Yammine et al. [36] showed that a strong transition exists in the rheological behavior of fresh concrete between a regime dominated by the friction between aggregate particles and a regime dominated by hydrodynamic interactions. A similar transition also exists in CSHWMs. When the W/B ratio is low, the direct friction between solid particles has a greater effect on the rheological behavior of the CSHWM. When the W/B ratio is high, the solid particles are coated with a thick water film, and the hydrodynamic interactions have a greater effect on the rheological behavior of the CSHWM. The effect of the water film thickness on the yield strength and plastic viscosity is smaller than that of inter-particle friction. As shown in Figure 11, with increasing W/B ratio, the plastic viscosity and yield stress rapidly decreased.

3.2.3. Hysteresis Loop Area of CSHWMs with Different W/B Ratios

As observed in the rheological curves in Figure 12, the hysteresis loop area gradually decreased with increasing W/B ratio. When the W/C ratio was low, the flocculation structure more easily formed in the CSHWM [33]. The yield stress, as a characteristic of the resistance to flow in CSHWM, was affected by the destruction degree of the flocculation structure. For larger W/B ratios, less flocculation structure was present. The continuous shear destroyed the flocculation structure and released the water. Accordingly, the shear stress decreased continuously. At the same shear rate, the yield stress of the unloading curve was lower than that of the loading curve. When more flocculating structures were present, the distance between the unloading and loading curve was greater, and the hysteretic loop area was larger.

4. Conclusions

The effect of the silica fume content and W/B ratio on the rheological properties of CSHWMs was investigated, and the following conclusions can be drawn:

• When the silica fume content was 15% or below, the change of the silica fume content did not cause a significant change of the yield stress. When the silica fume content was higher than 15%, the yield stress increased sharply as the silica fume content increased. With increasing silica fume content, the plastic viscosity and hysteresis loop area first decreased and then increased.
• The effect of the water-film thickness on the yield strength and plastic viscosity was smaller than that of friction.

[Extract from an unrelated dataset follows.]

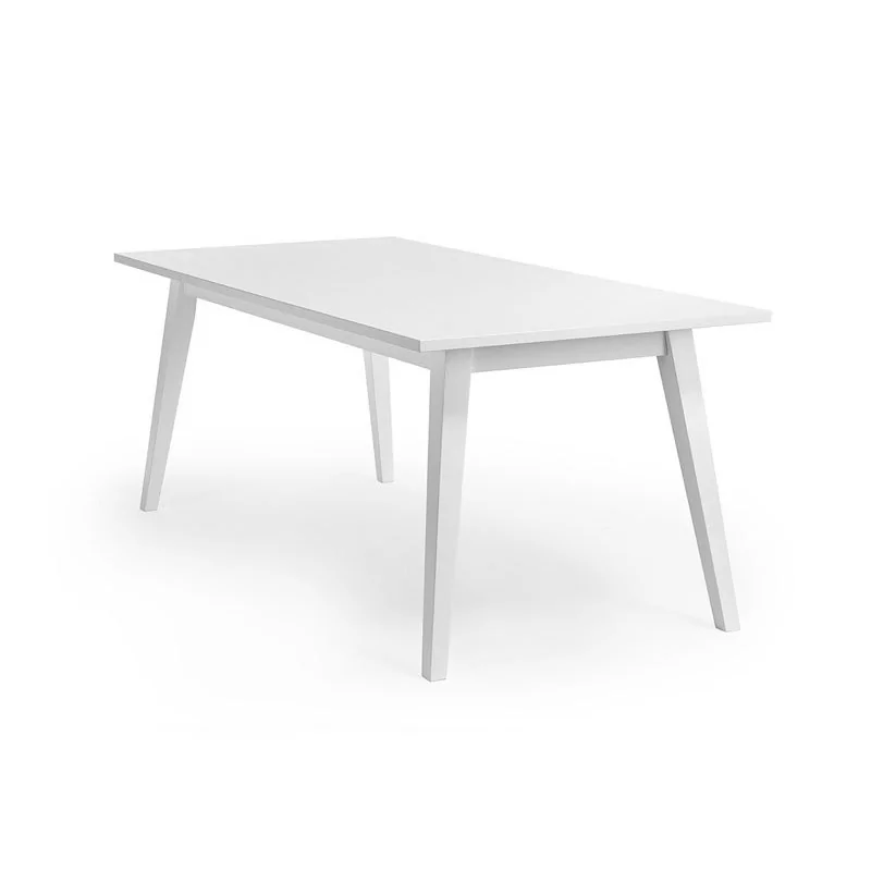 Biały drewniany stół Como to typowy przykład nowoczesnego stołu, którego bryła charakteryzuje się lekkością optyczną, związaną z delikatnym, cienkim blatem i wysmukłymi nogami. Charakterystycznym elementem przyciągającym uwagę jest ustawienie nóg pod w sporym odchyleniu od pionu, dzięki czemu przypominają rodzaj drewnianego kozła o wyjątkowej stabilności i zarazem ze sporą dozą wdzięku. Nogi o czworokątnym przekroju są dodatkowo wyszczuplane ku podłożu zwiększając efekt smukłości i lekkości modelu.

As the W/B ratio increased, the plastic viscosity and yield stress rapidly decreased.
• Among the linear Bingham, modified Bingham, and Herschel–Bulkley models, the Herschel–Bulkley model is the most suitable for CSHWMs. The shear-thickening behavior decreased with increasing silica fume content. When the silica fume content was less than 10%, the CSHWM with a W/B ratio of 0.19 or 0.23 was a dilatant fluid with shear-thickening characteristics. When the silica fume content was greater than 15%, the CSHWM was a pseudoplastic fluid with shear-thinning characteristics. When the silica fume content was 10–15%, the yield stress was close to 0, and the CSHWM was a linear Newtonian fluid.
• The values of the yield stress and plastic viscosity fitted by different rheological models differed for the same CSHWM.